While overseas attending the G7 summit in Biarritz, France, President Trump fended off news from home that he had once floated the idea of using nuclear weapons in an attempt to neutralize hurricanes before they could reach land.
Axios broke the news Sunday in a story titled “Trump suggested nuking hurricanes to stop them from hitting U.S.”

The report cited sources “who have heard the president’s private remarks and been briefed on a National Security Council memorandum that recorded those comments,” and said that the president had brought the idea up “multiple times.”
“I got it. I got. Why don’t we nuke them?” one source paraphrases the president as saying during a briefing. “They start forming off the coast of Africa, as they’re moving across the Atlantic, we drop a bomb inside the eye of the hurricane and that disrupts it. Why can’t we do that?”
A briefer apparently told the president they would “look into that,” but was shocked at the suggestion.
The report says that the briefer “was knocked back on his heels,” and adds that “You could hear a gnat fart in that meeting. People were astonished. After the meeting ended, we thought, ‘What the f—? What do we do with this?'”
The White House responded to the report in the story, saying “We don’t comment on private discussions that the president may or may not have had with his national security team.”
One official reportedly wanted to emphasize that the president had good intentions.

“His goal — to keep a catastrophic hurricane from hitting the mainland — is not bad,” the official is reported to have said. “What people near the president do say is they say ‘I love a president who asks questions like that, who’s willing to ask tough questions.'”
However, that apparently didn’t go far enough for Trump, because Monday morning he tweeted out a repudiation of Axios’s report.
“The story by Axios that President Trump wanted to blow up large hurricanes with nuclear weapons prior to reaching shore is ridiculous,” he tweeted. “I never said this. Just more FAKE NEWS.”
The reporters who broke the story have both said they stand by their reporting.

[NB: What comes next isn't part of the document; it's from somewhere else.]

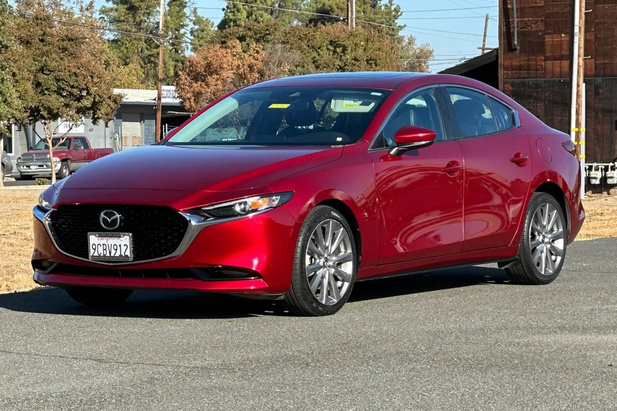 Priced below KBB Fair Purchase Price! Clean CARFAX. This 2021 Soul Red Crystal Metallic Mazda Mazda3 Preferred FWD is well equipped and includes these features and benefits: Mazda3 Preferred, 4D Sedan, I4, 6-Speed Automatic, FWD, Soul Red Crystal Metallic, Black Artificial Leather, 4-Wheel Disc Brakes, 8 Speakers, ABS brakes, Air Conditioning, Alloy wheels, AM/FM radio, AppLink/Apple CarPlay and Android Auto, Auto High-beam Headlights, Automatic temperature control, Brake assist, Bumpers: body-color, Compass, Delay-off headlights, Driver door bin, Driver vanity mirror, Dual front impact airbags, Dual front side impact airbags, Electronic Stability Control, Emergency communication system: MAZDA CONNECT, Exterior Parking Camera Rear, Front anti-roll bar, Front Bucket Seats, Front Center Armrest, Front dual zone A/C, Front reading lights, Front wheel independent suspension, Fully automatic headlights, Heated front seats, Heated Front Sport Seats, Illuminated entry, Knee airbag, Leather Shift Knob, Leatherette Seat Trim, Low tire pressure warning, Memory seat, Occupant sensing airbag, Outside temperature display, Overhead airbag, Overhead console, Panic alarm, Passenger door bin, Passenger vanity mirror, Power door mirrors, Power driver seat, Power moonroof, Power steering, Power windows, Preferred Package, Radio data system, Radio: AM/FM Audio System, Rain sensing wipers, Rear seat center armrest, Rear window defroster, Remote keyless entry, Soul Red Metallic Paint Charge, Speed control, Speed-sensing steering, Split folding rear seat, Steering wheel mounted audio controls, Tachometer, Telescoping steering wheel, Tilt steering wheel, Traction control, Trip computer, Turn signal indicator mirrors, Variably intermittent wipers, Wheels: 18 x 7J Silver Alloy, Mazda3 Preferred, 4D Sedan, I4, 6-Speed Automatic, FWD, Soul Red Crystal Metallic, Black Artificial Leather, 4-Wheel Disc Brakes, 8 Speakers, ABS brakes, Air Conditioning, Alloy wheels, AM/FM radio, AppLink/Apple CarPlay and Android Auto, Auto High-beam Headlights, Automatic temperature control, Brake assist, Bumpers: body-color, Compass, Delay-off headlights, Driver door bin, Driver vanity mirror, Dual front impact airbags, Dual front side impact airbags, Electronic Stability Control, Emergency communication system: MAZDA CONNECT, Exterior Parking Camera Rear, Front anti-roll bar, Front Bucket Seats, Front Center Armrest, Front dual zone A/C, Front reading lights, Front wheel independent suspension, Fully automatic headlights, Heated front seats, Heated Front Sport Seats, Illuminated entry, Knee airbag, Leather Shift Knob, Leatherette Seat Trim, Low tire pressure warning, Memory seat, Occupant sensing airbag, Outside temperature display, Overhead airbag, Overhead console, Panic alarm, Passenger door bin, Passenger vanity mirror, Power door mirrors, Power driver seat, Power moonroof, Power steering, Power windows, Preferred Package, Radio data system, Radio: AM/FM Audio System, Rain sensing wipers, Rear seat center armrest, Rear window defroster, Remote keyless entry, Soul Red Metallic Paint Charge, Speed control, Speed-sensing steering, Split folding rear seat, Steering wheel mounted audio controls, Tachometer, Telescoping steering wheel, Tilt steering wheel, Traction control, Trip computer, Turn signal indicator mirrors, Variably intermittent wipers, Wheels: 18 x 7J Silver Alloy. 26/35 City/Highway MPG At our dealership, we have devoted ourselves to helping and serving our customers to the best of our ability. We believe the cars we offer are the highest quality and ideal for your life needs. Porterville Ford - HOME OF THE HANDSHAKE AND A SMILE DEAL

Margaret Talev replied with a tweet simply stating that “We stand by our reporting,” while her co-author, Jonathan Swan, went a bit more in-depth.
“I stand by every word in the story,” he wrote . “He said this in at least two meetings during the first year and a bit of the presidency, and one of the conversations was memorialized. Not to mention that we gave the White House press team full visibility of everything we were reporting nine hours before publication. We published their statement in the story.”
Trump wouldn’t be the first person to suggest using nuclear weapons to disrupt hurricanes before they make landfall.
In fact, the NOAA addresses the idea in an FAQ , noting that “Apart from the fact that this might not even alter the storm, this approach neglects the problem that the released radioactive fallout would fairly quickly move with the tradewinds to affect land areas and cause devastating environmental problems. Needless to say, this is not a good idea.”